“你见过?呵呵,我要娶的对象你去帮我见啊?”
“父母之命媒妁之言,一般人成亲之前原本就是不见面的,小虎啊,你这个年纪其实早该成家了,爹娘年纪也大了,你也应该为他们想想。”
“反正你们不是都定好了么,我不娶行么?我不娶娘就要自尽,爹就要跟着一起死,呵,我现在终于明白为何爷爷奶奶不怎么愿意待在家里,真是可悲。”
“你是答应了?”
裴曜安没回答,朝着周围围观的路人喊道:“都听好了,本月二十五本少爷娶亲,到时候都来裴府喝酒。”
“好!”
路人高兴地起哄,裴曜安往旁边走了一步一手勾住祝时芜的脖子说道:“祝时芜,走,陪我喝酒去!”
“为何是我?”
“你不是喜欢喝酒么?”
“我才不喜欢喝酒。”
“那就看着本少爷喝!”
说完之后直接带着他往前走去,裴姻喊了一句却没有得到任何回应,乔殊予抬头问叶亭渊:“我们要不要追上去看看?”

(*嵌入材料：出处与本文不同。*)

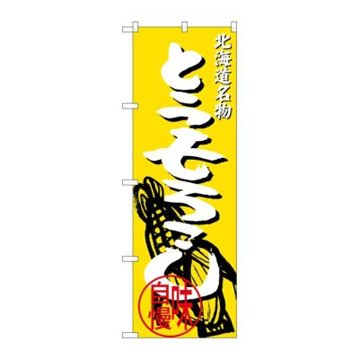 商品の特徴:ポリエステル生地の端を三方三巻してあるので、カットのみされたのぼり旗よりも耐久性に優れます。

“倒不如让他静一会,明日等他酒醒了再找他了解一下情况,看看有没有什么解决的办法。”
“也对。”
乔殊予说完之后见裴姻看着他,忽然想起上次去裴府找裴曜安,被裴姻关在客房差点被火烧死,而且裴姻还喜欢叶亭渊,所以两个人自然没办法像是朋友那般打招呼。
裴姻看了看乔殊予,又将目光转向叶亭渊,看了一会后似乎察觉有些不对劲,上前问道:“亭渊,你眼睛怎么了?”
“瞎了。”
“怎么回事?”
“中毒而已。”
“那可有解毒的法子?”
“已经在研究了。”
裴姻眼中的担忧倒是真真切切的,乔殊予无语望天,看来她对叶亭渊是还没死心呢,唉,有一个会招蜂引蝶的爱人真是令人头疼啊!

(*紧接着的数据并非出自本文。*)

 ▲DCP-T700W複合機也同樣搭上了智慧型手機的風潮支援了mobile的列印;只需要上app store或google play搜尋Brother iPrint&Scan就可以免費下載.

周围的路人见没多少热闹可看便散开了,乔殊予他们几个站着倒显得有些尴尬,最终还是叶亭渊开口道:“裴小姐,若无其他事的话我们就先去赏花灯了。”
“啊,好。”
叶亭渊点头,乔殊予拉着他往另一边走去,走了几步之后也没说话,叶亭渊低声问道:“生气了?”

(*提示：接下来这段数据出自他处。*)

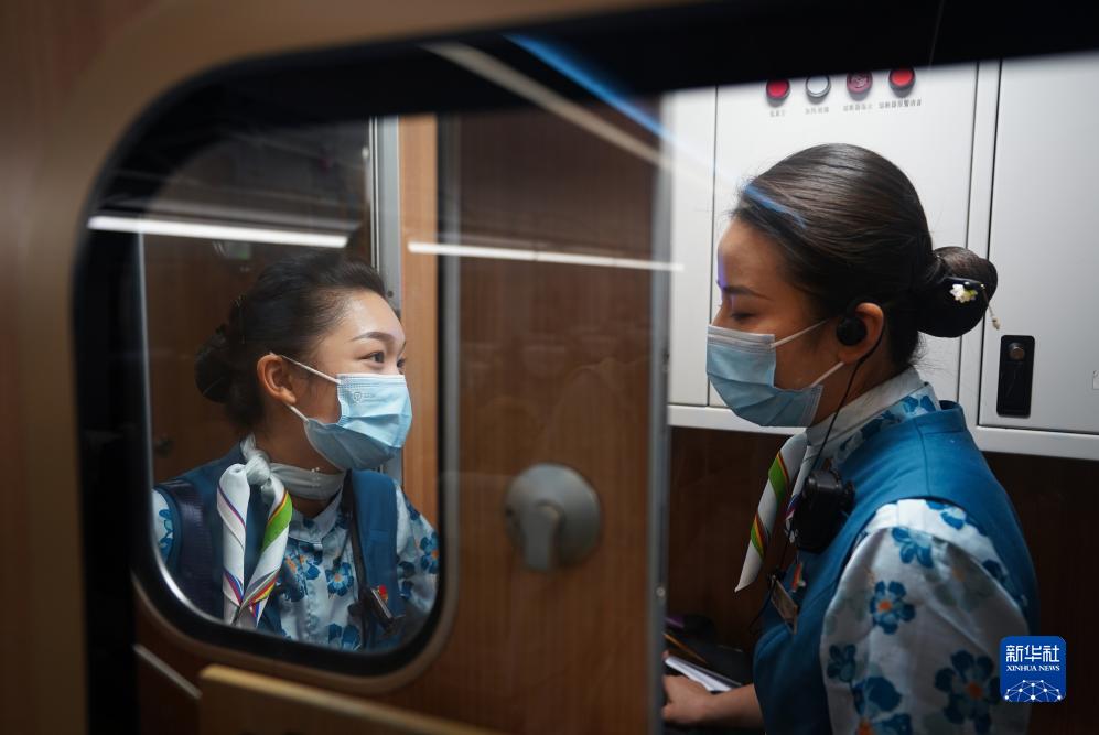 依波逢(左)在D887次列車上與同事交流工作(7月16日攝)。

“我生什么气呀,叶大院长怎么不陪你的裴小姐去赏花灯呀?没见人家那么担心你么!”
“我又看不到,怎么会知道她是什么神情呢。”
“她眼中的担忧之情都快溢出来了,现在还站在那边看着呢,你赶紧回头去吧!”
“还说没生气,一股酸味。”
“滚边去!”
“看不见,滚不了。”
“叶亭渊,我怎么觉着你还挺享受看不见的日子的呢?”
“有夫人悉心照料自然享受,若没有夫人的话那必定苦不堪言。”
“你最近嘴皮子是越来越溜了啊,这灼骨噬魂针是不是还有什么副作用啊?”
“夫人也中过,难道不知道么?”
“哼,我可不知道。”
乔殊予傲娇完才发觉柳煜桐似乎很不对劲,他走到叶亭渊右边问柳煜桐:“煜桐,你是不是在想柳傲行啊?”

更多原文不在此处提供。